The data

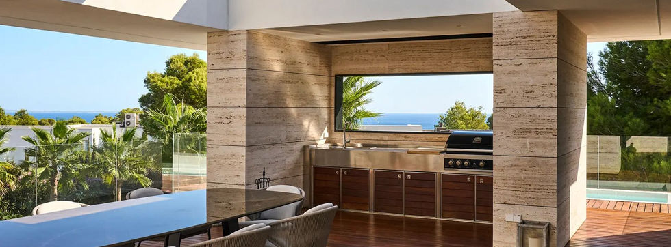 Outdoor living is crafted for effortless entertaining: a heated L-shaped pool (15 m²) with automatic cover anchors the main terrace, while a second pool sits beside the fully equipped outdoor kitchen, creating a true resort-style setting. A modern gym with boxing zone and a private sauna complete the lifestyle, while ducted air conditioning, underfloor heating, and 24-hour security ensure comfort and peace of mind in every season. With all planning and legal documentation fully compliant, Villa Elegancia represents a secure and compelling opportunity in one of Ibiza’s most sought-after addresses.
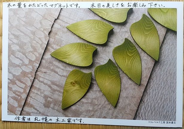 こちらは木製の木の葉をかたどったマグネットの絵葉書です
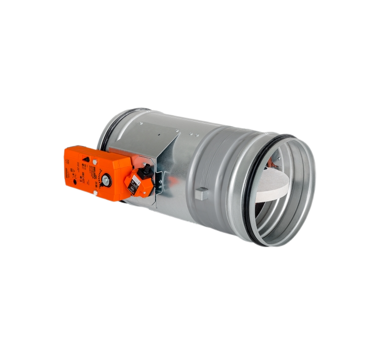 FDMR – Демпфер в воздуховоде климатического оборудования, препятствующий распространению огня и продуктов горения из одного сегмента пожара в другой за счет перекрытия потока воздуха в точках крепления.

Your task
Pictures are to be omitted; otherwise, every line from the first line of the listing through the line containing "こちらは木製の木の葉をかたどったマグネットの絵葉書です" must be reproduced exactly, both ends included.

Exercise output
 Outdoor living is crafted for effortless entertaining: a heated L-shaped pool (15 m²) with automatic cover anchors the main terrace, while a second pool sits beside the fully equipped outdoor kitchen, creating a true resort-style setting. A modern gym with boxing zone and a private sauna complete the lifestyle, while ducted air conditioning, underfloor heating, and 24-hour security ensure comfort and peace of mind in every season. With all planning and legal documentation fully compliant, Villa Elegancia represents a secure and compelling opportunity in one of Ibiza’s most sought-after addresses.
 こちらは木製の木の葉をかたどったマグネットの絵葉書です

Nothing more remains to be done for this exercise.